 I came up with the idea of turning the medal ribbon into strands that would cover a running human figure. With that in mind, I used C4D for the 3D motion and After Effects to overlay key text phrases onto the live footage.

---

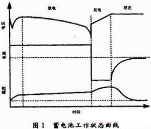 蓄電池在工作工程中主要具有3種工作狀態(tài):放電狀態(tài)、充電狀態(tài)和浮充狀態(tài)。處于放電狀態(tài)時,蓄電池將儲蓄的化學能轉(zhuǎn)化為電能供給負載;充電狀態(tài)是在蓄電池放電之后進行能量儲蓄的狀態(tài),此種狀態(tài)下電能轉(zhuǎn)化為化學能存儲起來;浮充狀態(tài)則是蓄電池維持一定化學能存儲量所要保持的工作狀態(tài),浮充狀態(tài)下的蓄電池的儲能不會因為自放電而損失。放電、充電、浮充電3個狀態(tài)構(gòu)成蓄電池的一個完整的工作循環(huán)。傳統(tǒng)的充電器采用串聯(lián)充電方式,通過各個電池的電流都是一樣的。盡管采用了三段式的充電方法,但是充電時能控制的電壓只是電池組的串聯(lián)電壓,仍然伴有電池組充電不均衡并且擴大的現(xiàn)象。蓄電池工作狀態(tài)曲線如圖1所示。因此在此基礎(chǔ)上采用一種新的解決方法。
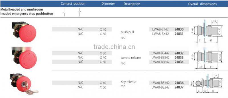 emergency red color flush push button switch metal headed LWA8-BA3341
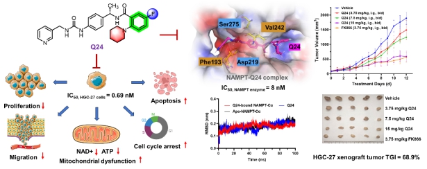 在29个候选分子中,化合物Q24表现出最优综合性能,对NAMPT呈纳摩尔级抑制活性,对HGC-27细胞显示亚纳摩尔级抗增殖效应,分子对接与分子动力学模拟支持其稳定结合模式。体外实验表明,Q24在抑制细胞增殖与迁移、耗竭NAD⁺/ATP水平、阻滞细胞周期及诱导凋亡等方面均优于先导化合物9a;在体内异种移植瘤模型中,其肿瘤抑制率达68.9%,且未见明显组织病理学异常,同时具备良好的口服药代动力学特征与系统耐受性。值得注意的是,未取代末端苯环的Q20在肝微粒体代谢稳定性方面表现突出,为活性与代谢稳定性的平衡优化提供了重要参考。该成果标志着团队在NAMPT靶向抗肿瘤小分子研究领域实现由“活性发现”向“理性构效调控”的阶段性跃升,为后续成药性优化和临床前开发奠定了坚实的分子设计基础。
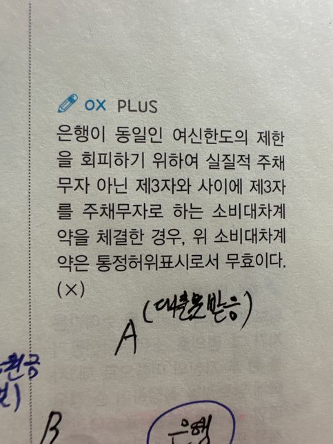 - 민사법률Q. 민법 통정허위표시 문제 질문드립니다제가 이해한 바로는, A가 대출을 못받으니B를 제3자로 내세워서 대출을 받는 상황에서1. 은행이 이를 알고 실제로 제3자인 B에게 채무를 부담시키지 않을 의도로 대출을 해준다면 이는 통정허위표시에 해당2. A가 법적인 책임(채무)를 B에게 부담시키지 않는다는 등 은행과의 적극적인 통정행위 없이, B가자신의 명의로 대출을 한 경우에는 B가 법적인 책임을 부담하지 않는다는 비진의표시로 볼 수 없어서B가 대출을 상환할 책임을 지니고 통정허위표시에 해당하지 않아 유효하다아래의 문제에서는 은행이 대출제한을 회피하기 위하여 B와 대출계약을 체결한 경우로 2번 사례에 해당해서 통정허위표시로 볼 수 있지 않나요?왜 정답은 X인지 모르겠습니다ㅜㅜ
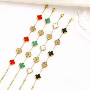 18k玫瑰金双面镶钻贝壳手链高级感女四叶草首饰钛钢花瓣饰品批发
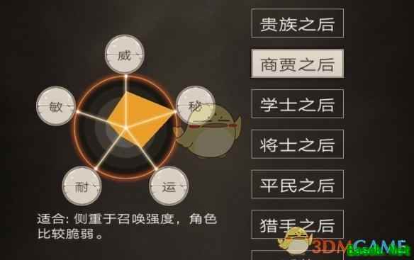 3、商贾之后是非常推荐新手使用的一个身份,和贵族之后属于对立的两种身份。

• **Brief**
Every line above from the one with "18k玫瑰金双面镶钻贝壳手链高级感女四叶草首饰钛钢花瓣饰品批发" down to the one with "3、商贾之后是非常推荐新手使用的一个身份,和贵族之后属于对立的两种身份。" must be written out exactly, and no picture may appear.

• **Task output**
 18k玫瑰金双面镶钻贝壳手链高级感女四叶草首饰钛钢花瓣饰品批发
 3、商贾之后是非常推荐新手使用的一个身份,和贵族之后属于对立的两种身份。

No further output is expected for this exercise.